HOW TO COMPLETE THIS TASK
Below are some records. Write out exactly their lines from the one with "Nitrilové rukavice NITRIL" through the one with "- Dans le groupe", and leave the pictures behind.

DATASET RECORDS
== Segment start ==
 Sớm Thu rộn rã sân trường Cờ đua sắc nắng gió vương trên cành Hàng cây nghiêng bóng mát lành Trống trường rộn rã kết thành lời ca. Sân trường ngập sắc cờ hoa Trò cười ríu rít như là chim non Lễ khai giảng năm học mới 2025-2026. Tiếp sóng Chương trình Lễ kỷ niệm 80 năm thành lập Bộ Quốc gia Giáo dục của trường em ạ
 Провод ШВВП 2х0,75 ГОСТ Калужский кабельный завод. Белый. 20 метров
== Segment end ==
== Segment start ==
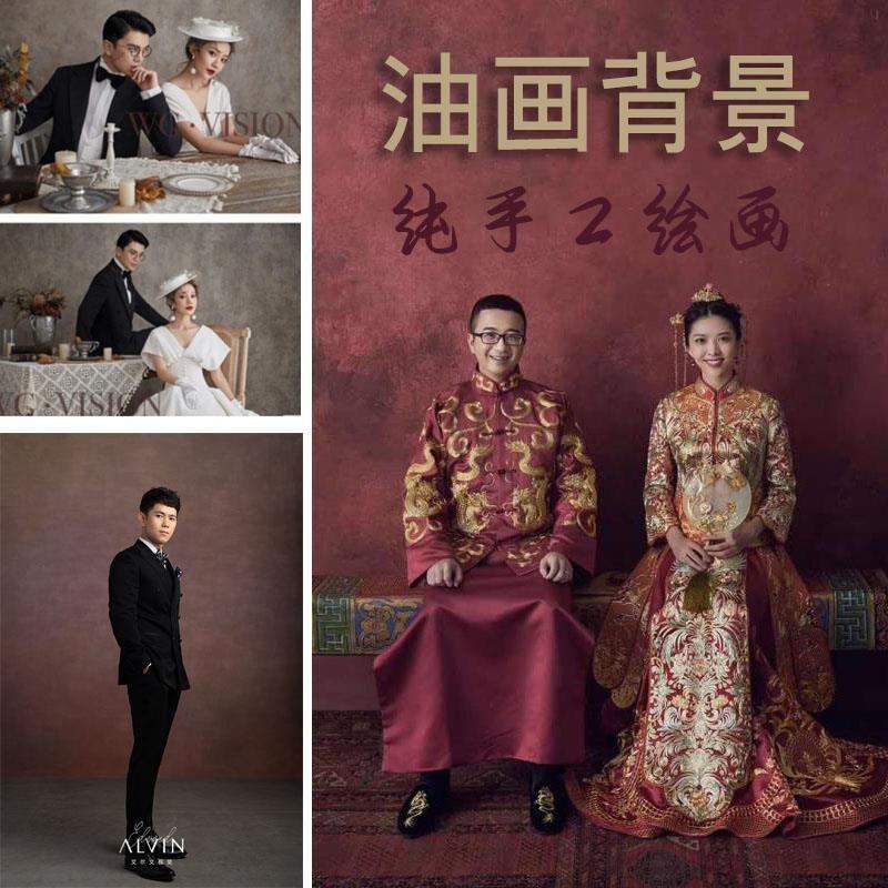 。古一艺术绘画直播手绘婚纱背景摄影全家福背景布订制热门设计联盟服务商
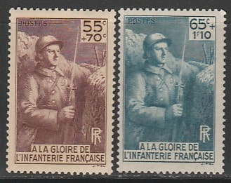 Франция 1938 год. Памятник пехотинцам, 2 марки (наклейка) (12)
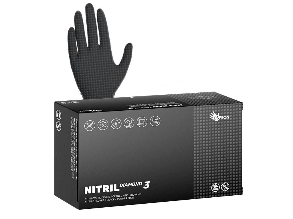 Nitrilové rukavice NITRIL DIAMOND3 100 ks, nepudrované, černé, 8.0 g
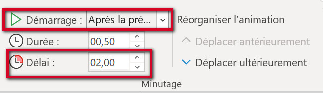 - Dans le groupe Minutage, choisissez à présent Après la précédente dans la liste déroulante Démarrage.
== Segment end ==
TASK RESULT
 Nitrilové rukavice NITRIL DIAMOND3 100 ks, nepudrované, černé, 8.0 g
 - Dans le groupe Minutage, choisissez à présent Après la précédente dans la liste déroulante Démarrage.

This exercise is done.